Sofia and the cat looked at each other. The cat had very expressive yellow eyes.

            “Gigi,” she said, “Come out here baby. Do you want a snack?”

            The cat meowed like if it was replying to the question. It was a sweet noise, like a child pretending to be a cat. It was high pitched but soothing.

            “Gigi,” she said again. “I’m sorry baby. Don’t worry, okay; I will come back for you. You will come home with me and Simon. Just give me some time honey. Okay?”

            The cat meowed again, not moving an inch. But for a second, Sofia thought that it would come to her and if she did, she was ready to grab the cat. The cat stayed in its place under the bed scared and sad and confused why her daddy wasn’t responding.

Sofia stood up and put the high heel shoes she grabbed from under the bed in the linen bag.

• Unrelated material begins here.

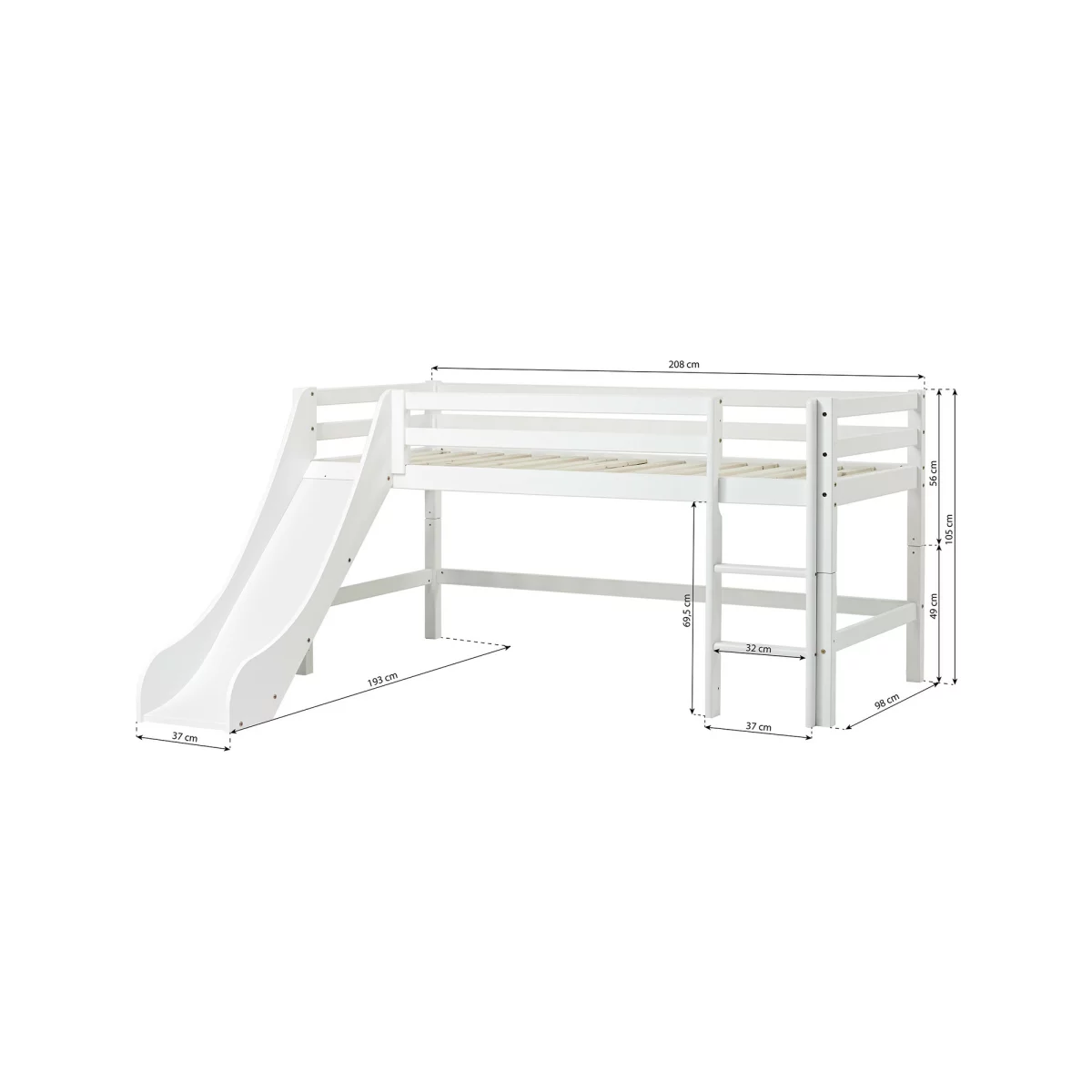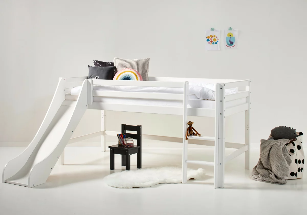 Das ECO DREAM Rutschbett von Hoppekids in der Größen 90×200 cm mit gerader Leiter und Rutsche ist ein modernes Halbhochbett. Es wird aus massiver nordischer Kiefer gefertigt und ist mit dem Nordischen Umweltzeichen ausgezeichnet. Die Höhe von 105 cm ist großartig, weil das Kind ins Bett klettern muss – und damit die Motorik trainiert wird. Das Rutschbett ist wahlweise mit einem Vorhang erhältlich, der ans Bett gehangen wird und somit eine gemütliche kleine Höhle bildet. Mit Lichterketten, schönen Bildern, einer Matratze, Kissen und mehr kann das Bett zusätzlich dekoriert werden. Die Rutsche verwandelt das Bett in ein lustiges Spielbett, welches das Aufstehen am Morgen wesentlich erleichtert! Sowohl die Rutsche als auch die Leiter können sowohl auf der linken als auch auf der rechten Seite des Bettes angebracht werden. Die Höhe unter dem Bett beträgt 69cm. Ein Lattenrost ist bereits in der Lieferung inklusive. Eine Matratze ist nicht inklusive. Dekorationen wie z.B. Kissen sind nicht Teil der Lieferung.
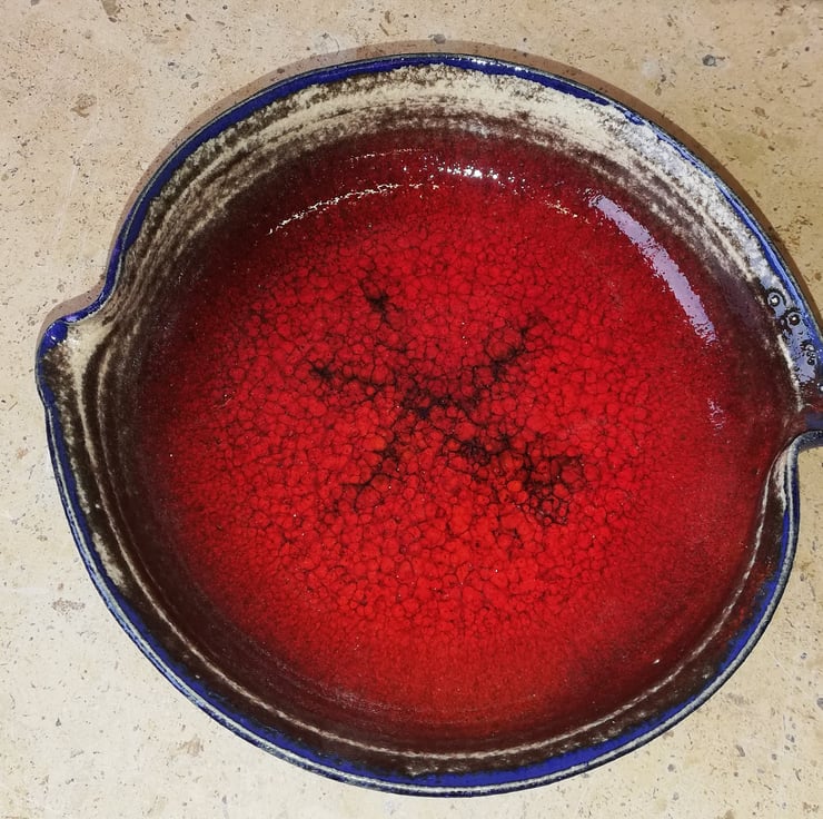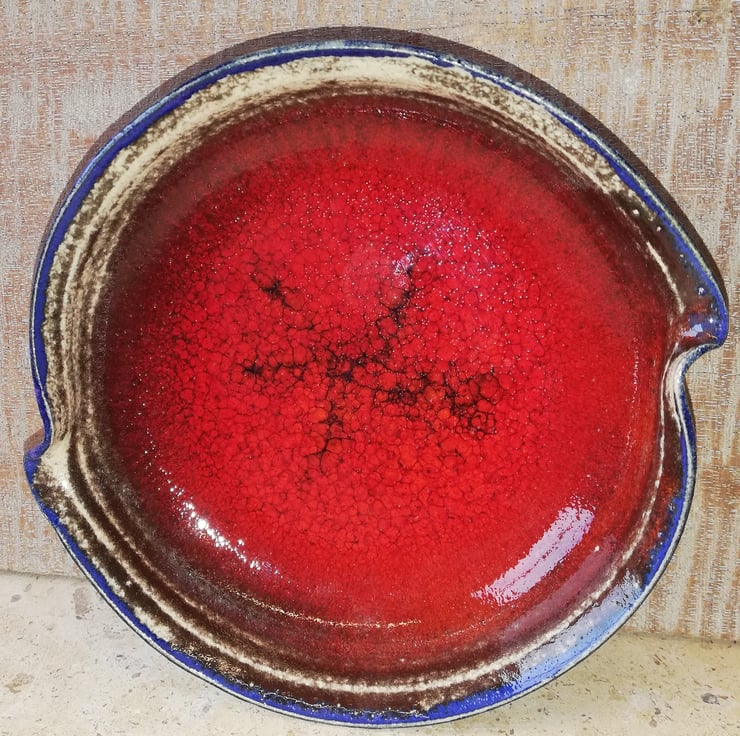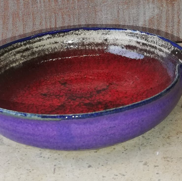 A delightful bright crackle red and purple edged small shallow dish.

            The bedroom of this studio apartment had a partition with a hole in the center that looked into the living room and the low hanging legs of her dead lover Javi. She tried to ignore the body as she bit her thumbnail and canvassed the area of the living room to see if she’d forgotten anything. Her eyes were getting a little red. She looked at her right hand, and removed an engagement ring and put it in her pocket. She replaced it with another ring with a much bigger rock.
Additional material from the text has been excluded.